As an opponent of the Nazis, Lenz belonged to the Donnerstagsgesellschaft (Thursday Association), a circle of former Centre Party members, officials, and journalists. He participated in the opposition by at one point hiding resistance fighter Ernst von Harnack in his apartment, as well as maintaining contact with 20 July plot-conspirators Josef Wirmer and Carl Goerdeler. As a result of these relationships Lenz was arrested after the failed assassination plot and brought to court in January 1945 for his participation in the conspiracy as well as the suspicious nature of his work as a lawyer throughout the early 1940s, during which time he was seen by the Gestapo as a defender of Jews. His role as the defendant of the pardoned opposition leader Josef Müller in 1944 was a further source of irritation to the Nazis. Due to his success as his own defence lawyer, Lenz was able to avoid execution and was sentenced instead to four years penitentiary with eight years without civil rights. He was freed by Soviet forces on 28 April 1945.

==Politics==
Immediately after his release from prison Lenz took part in the establishment of the CDU in Berlin.

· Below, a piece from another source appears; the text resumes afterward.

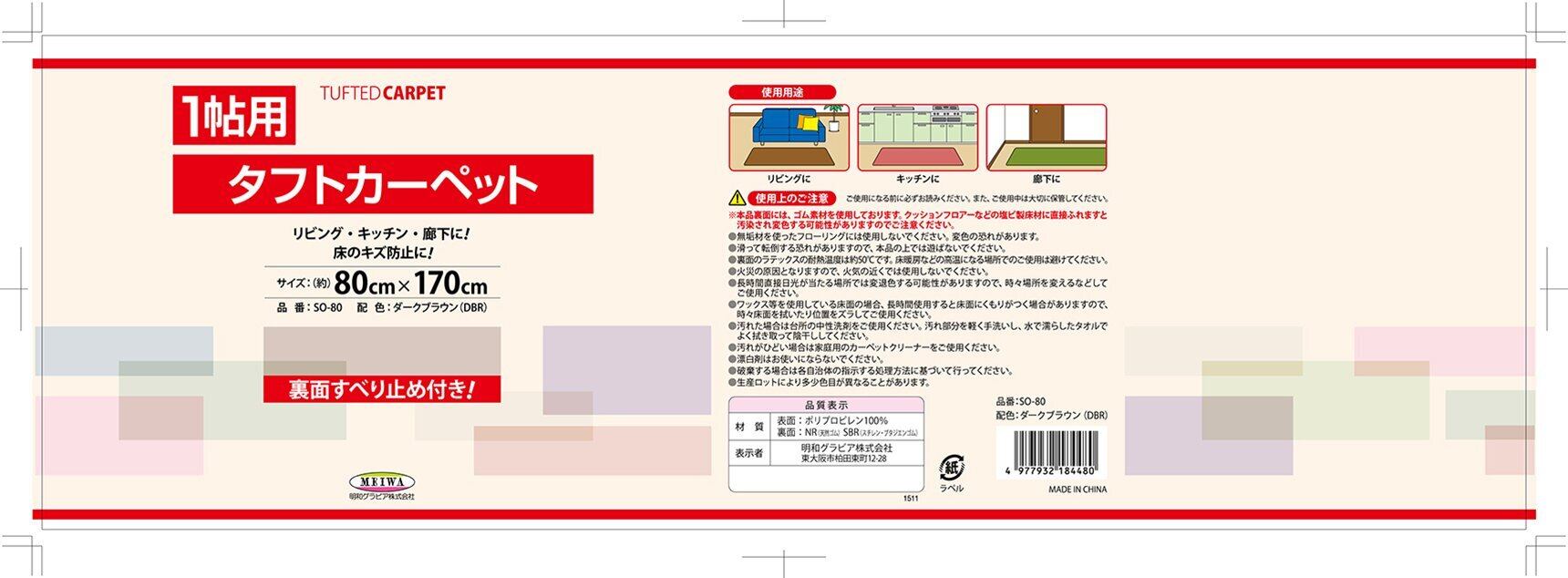 MEIWA 1帖カーペット 滑り止め付 80×170cm 無地 ダークブラウン SO-80

His desire for an interdenominational political party held together by common Christian beliefs preceded the conclusion of the war and is present in journal entries from his time in prison.

Lenz's longing to become a lawyer in Munich caused him to hesitate in accepting Konrad Adenauer's 1946 offer to become Secretary of State, which he ultimately accepted and began serving as on 15 January 1951. During this time Lenz remained extremely busy meeting with politicians, diplomats, church representatives, businessmen, lobbyists, and journalists as well as helping establish the direction in which the young Federal Republic of Germany would take itself.

His desire to create a "Ministry of Information" after the 1953 elections (in which he was elected to the Bundestag) ultimately failed due to the strong legacy of the Propagandaministerium of the Nazi-Era. His desire to be voice in the public sphere led to the establishment of Die Politische Meinung, a monthly publication which continues to be distributed by the Konrad-Adenauer-Stiftung today.

On 2 May 1957, while still a member of the Bundestag, Lenz died unexpectedly in Naples after developing a fever on a return trip from Africa.